В одной из московских домовых церквей, близ Пречистенских ворот, оканчивалось служение заутрени. У стены, недалеко от входа, сидел в кресле почетный опекун Василий Михайлович Леонин. Он принадлежал к числу старых знакомых дома, и его болезненное состояние, острый ревматический недуг, часто затруднявший ему всякое движение ног, уже давно обеспечили ему привилегированное место в церкви и то кресло, которое он теперь занимал. Позади его, у самого входа, стоял его сын, молодой человек, пользовавшийся в московском великосветском обществе видным положением и слывший, между людьми старшего поколения, примером исполнения сыновнего долга. Анатолий Леонин, начавший службу по ведомству министерства иностранных дел и состоявший некоторое время при нашем посольстве в Париже, отказался от улыбавшейся ему дипломатической карьеры по желанию отца и переселился на службу в Москву, чтобы иметь возможность с ним не разлучаться и оказывать ему то домашнее заботливое попечение, которого требовали его болезненность и одиночество. Василий Михайлович давно лишился жены, не сохранил в живых других детей и не имел в Москве близких родственников. Он мало бывал в обществе, принимал у себя немногих знакомых и сам навещал немногих. Про него одни говорили, что он богат и копит деньги, другие, что его дела расстроены и что у него много долгов от прежнего времени, когда он вел большую игру. Судя по его образу жизни, следовало предполагать, что первые правы и что у Василия Михайловича не могло быть обременительных забот по денежной части. Он жил в собственном доме, в Старой Конюшенной, недалеко от церкви Успения на Могильцах, а летом проводил два или три месяца в недалекой подмосковной, между прежними Серпуховской и Владимирской почтовыми дорогами. Молодой Леонин со времени переселения в Москву уже два раза сопровождал отца в деревню. В остальное время года он принимал в московской светской жизни заурядное участие, не возбуждавшее ни с какой стороны особых о нем толков. Он слыл домоседом, по чувству долга и отчасти по своим наклонностям. На него смотрели как на выгодного жениха; но он сам, по-видимому, не признавал за собой этого свойства и вообще не давал повода в нем замечать или предполагать сердечных увлечений.

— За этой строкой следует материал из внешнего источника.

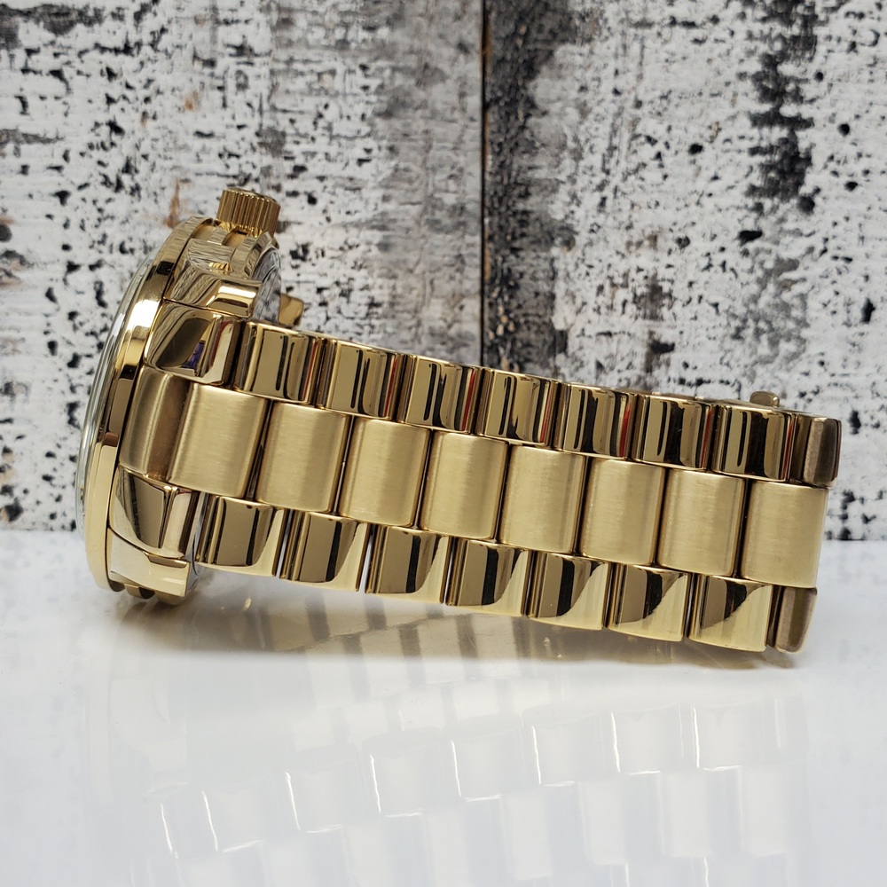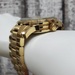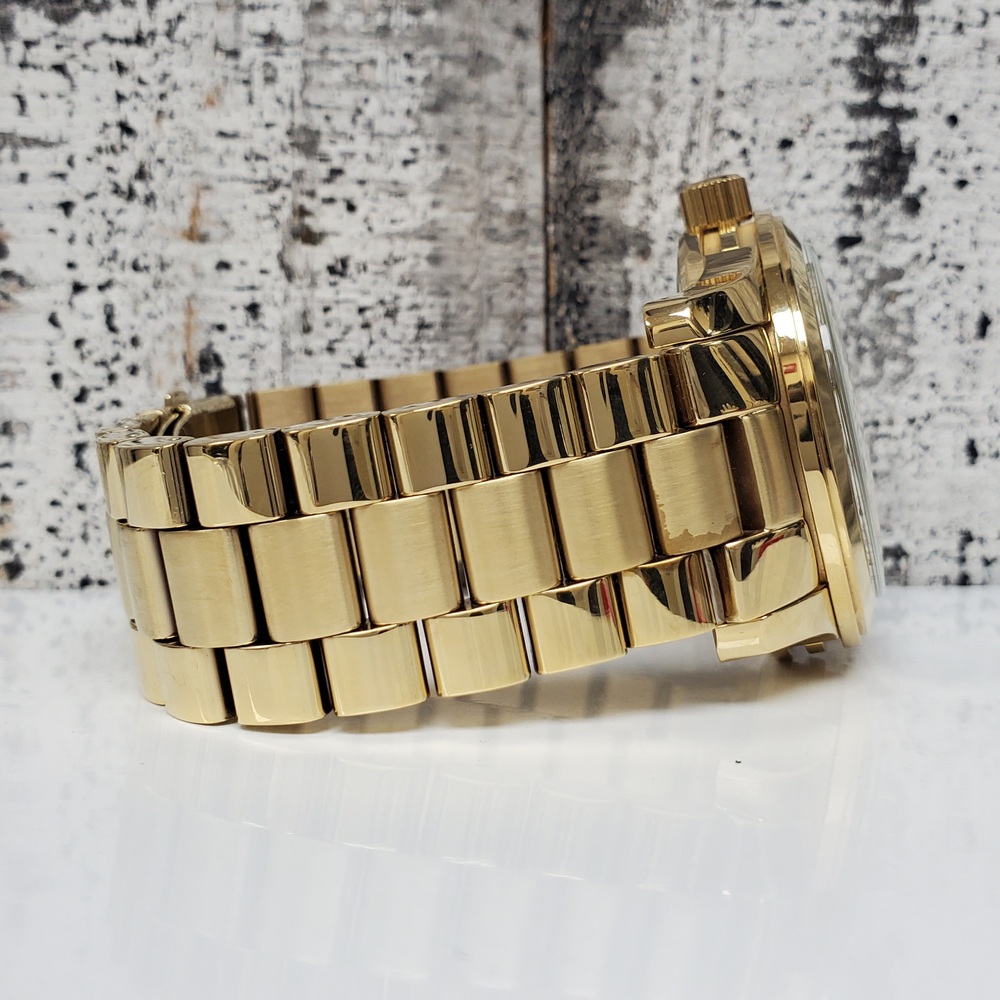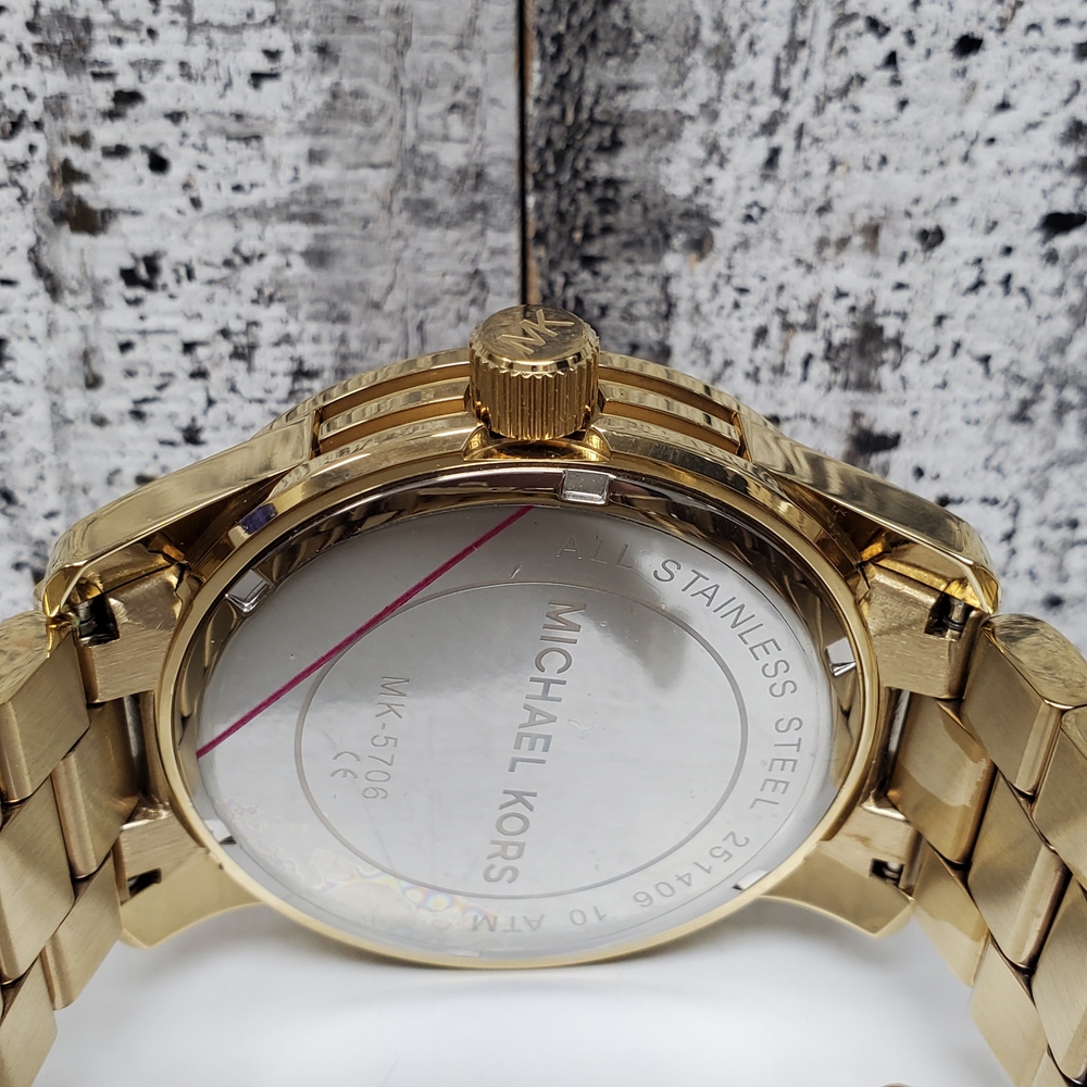 A luxurious Michael Kors MK-5706 Runway Gold Tone Watch, showcasing subtle elegance with minor signs of normal wear. Ideal accessory for sophisticated charm.
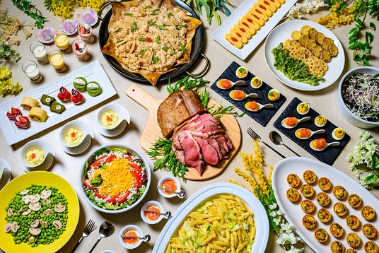 - 【冷製料理】鯛とホタルイカのカルパッチョ/ミモザサラダ/菜の花とベーコンのキッシュ/海草サラダ 源助大根ドレッシング/サーモンマリネ/枝豆とマッシュルームのバジルドレッシング和え/生ハムとカリフラワームース/卵のファルス/春キャベツサラダ 温玉ソース/ポテトサラダ
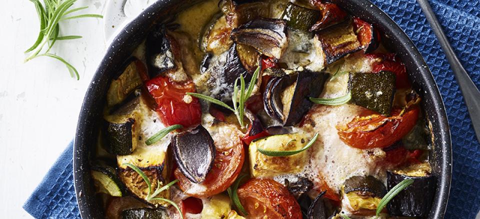 Efter 20 min. smuldres gedeosten over og retten bages færdig i 10 min.
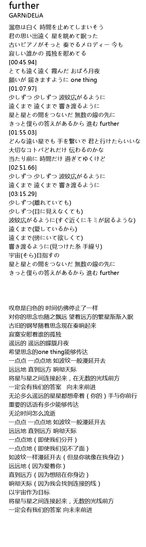| [03:49.71] | きっと僕らの答えがあるから 進む further |
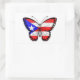 This unique design features the flag of Puerto Rico on a beautiful butterfly. The flag contours to the details in the wings and curves around the body of the butterfly giving it a realistic look. The edges of the wings are painted black which frames the Puerto Rican flag inside of the pattern. This wonderful flying creature is a perfect combination of nature and patriotism.
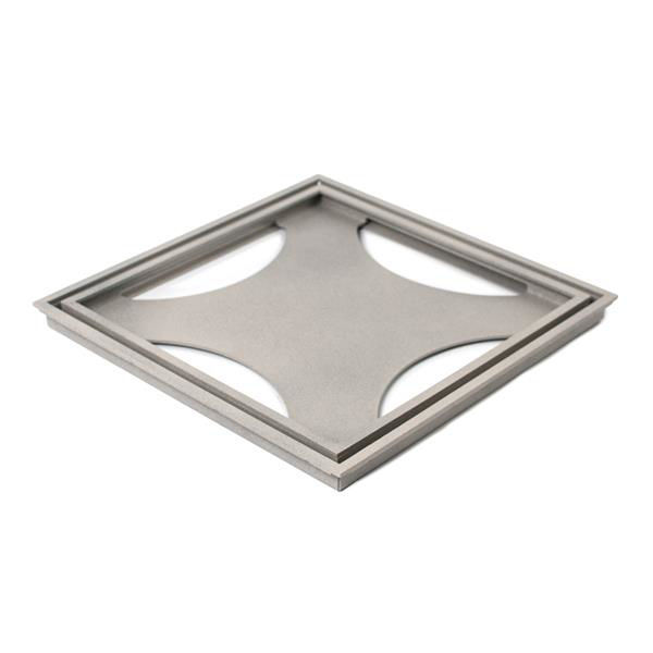 Stilig slukrist med ramme for montering av fliser. Laget i pulverlakkert rustfritt stål AISI 304 med Stone-finish i fargen granitt.Materialtykkelse: 0,8 mm.

Заутреня отошла. В промежутке между нею и началом литургии в церкви происходил обычный обмен пасхальных поздравлений. Василий Михайлович встал и, опираясь на трость, слегка прихрамывая на одну ногу, подходил к некоторым знакомым и отвечал на приветствия тех, кто к нему подходили. Потом он подозвал сына и сказав, что чувствует себя усталым и к обедне не останется, заложил одну руку за руку молодого человека и, опираясь на эту руку более, чем на трость, вышел из церкви. Василий Михайлович любил всегда и всем давать замечать свои добрые отношения к сыну и хвалиться его сыновними о нем попечениями.
На верхней ступени лестницы Василия Михайловича встретил его лакей, который взял его под другую руку и вместе с Анатолием Васильевичем стал его сводить с лестницы.
— Заметил ли ты, — сказал по-французски старик Леонин сыну, — с каким завистливым выражением лица на меня посмотрели князь и княгиня Веневские?
— Нет, не заметил, — отвечал молодой человек, — и не догадываюсь, чему они позавидовали.
— Тебе и позволительно не догадываться. Они видели, как мы выходили из церкви и как я на тебя опирался. Они подумали, и не ошиблись, что ты мне под старость и при моих болезнях во всем опора, а затем вспомнили об их сыне, который на тебя не похож и их только огорчает и разоряет.
— Он еще очень молод, и правда, что в нем легкомыслия немало; но я здесь познакомился с ним в прошлую зиму и убедился, что при всем легкомыслии он имеет доброе сердце и благородный характер.
— Может быть; но все-таки отец и мать принуждены себя во всем стеснять, потому что он не изволит стесняться.